The biggest benefit of this dirnode approach is that sharing individual directories is almost trivial. Alice creates a subdirectory that she wants to use to share files with Bob. This subdirectory is attached to Alice's filesystem at "~alice/share-with-bob". She asks her filesystem for the read-write directory URI for that new directory, and emails it to Bob. When Bob receives the URI, he asks his own local vdrive to attach the given URI, perhaps at a place named "~bob/shared-with-alice". Every time either party writes a file into this directory, the other will be able to read it. If Alice prefers, she can give a read-only URI to Bob instead, and then Bob will be able to read files but not change the contents of the directory. Neither Alice nor Bob will get access to any files above the mounted directory: there are no 'parent directory' pointers. If Alice creates a nested set of directories, "~alice/share-with-bob/subdir2", and gives a read-only URI to share-with-bob to Bob, then Bob will be unable to write to either share-with-bob/ or subdir2/.

A suitable UI needs to be created to allow users to easily perform this sharing action: dragging a folder their vdrive to an IM or email user icon, for example. The UI will need to give the sending user an opportunity to indicate whether they want to grant read-write or read-only access to the recipient. The recipient then needs an interface to drag the new folder into their vdrive and give it a home.

Revocation

When Alice decides that she no longer wants Bob to be able to access the shared directory, what should she do? Suppose she's shared this folder with both Bob and Carol, and now she wants Carol to retain access to it but Bob to be shut out. Ideally Carol should not have to do anything: her access should continue unabated.
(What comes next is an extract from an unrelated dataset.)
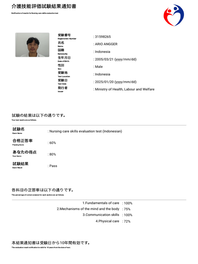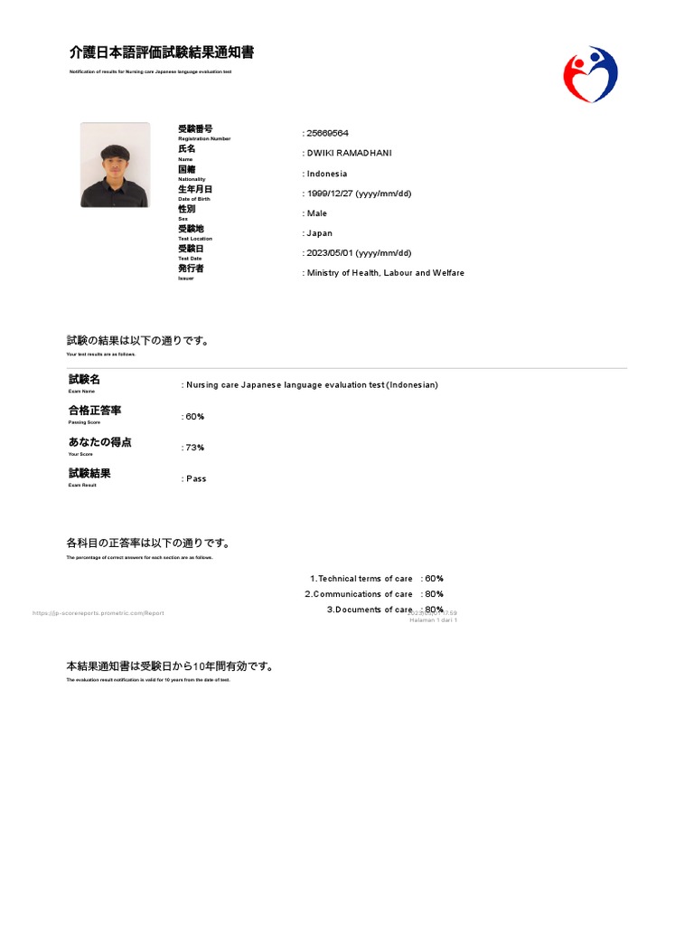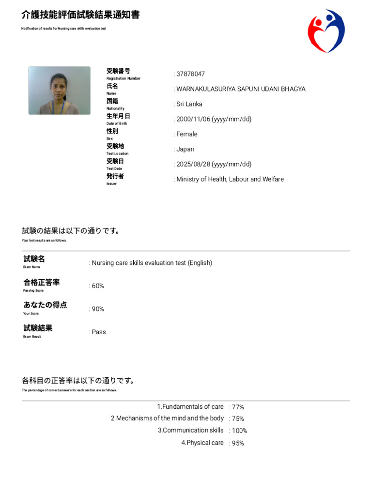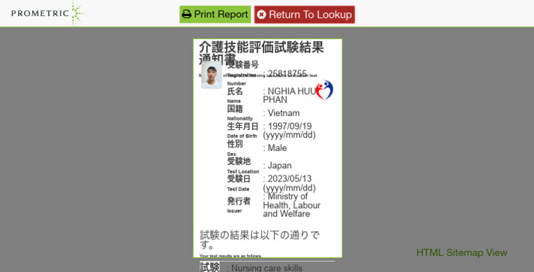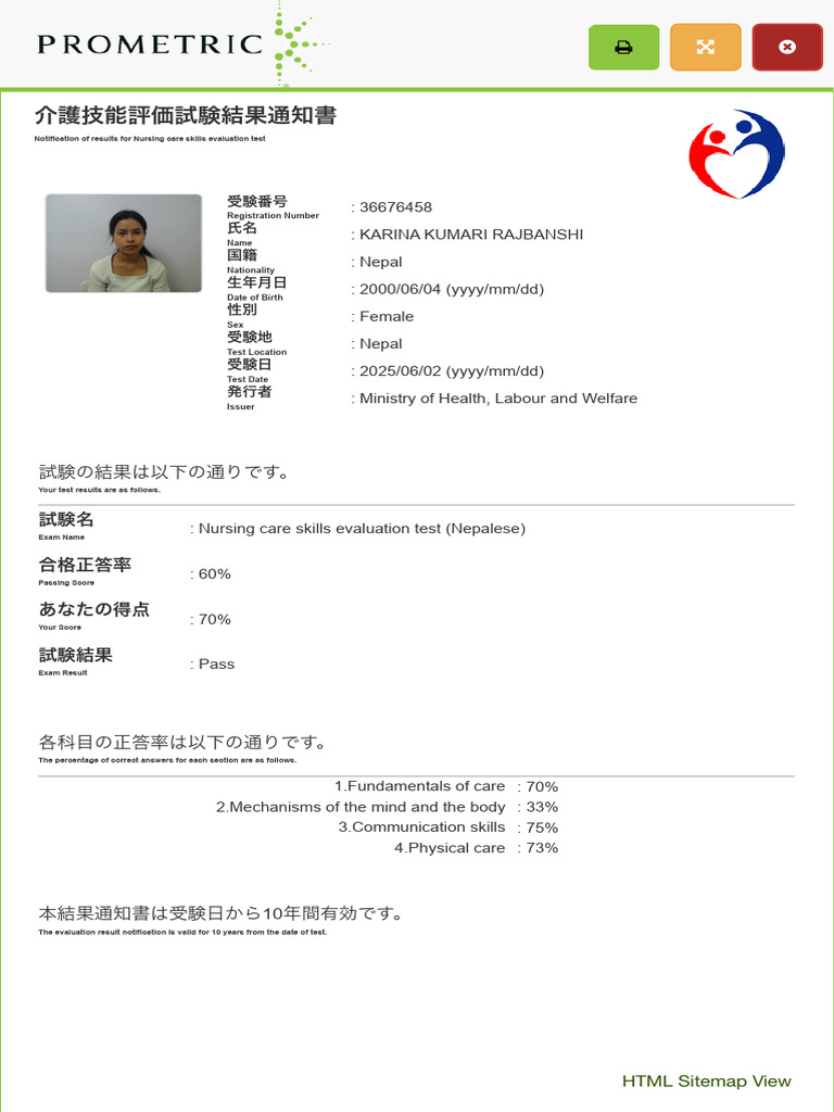 Prometric - Nursing Care Japanese Language Evaluation Test Score Report ...

The current plan is to have her client create a deep copy of the folder in question, delegate access to the new folder to the remaining members of the group (Carol), asking the lucky survivors to replace their old reference with the new one. Bob may still have access to the old folder, but he is now the only one who cares: everyone else has moved on, and he will no longer be able to see their new changes. In a strict sense, this is the strongest form of revocation that can be accomplished: there is no point trying to force Bob to forget about the files that he read a moment before being kicked out. In addition it must be noted that anyone who can access the directory can proxy for Bob, reading files to him and accepting changes whenever he wants. Preventing delegation between communication parties is just as pointless as asking Bob to forget previously accessed files. However, there may be value to configuring the UI to ask Carol to not share files with Bob, or to removing all files from Bob's view at the same time his access is revoked.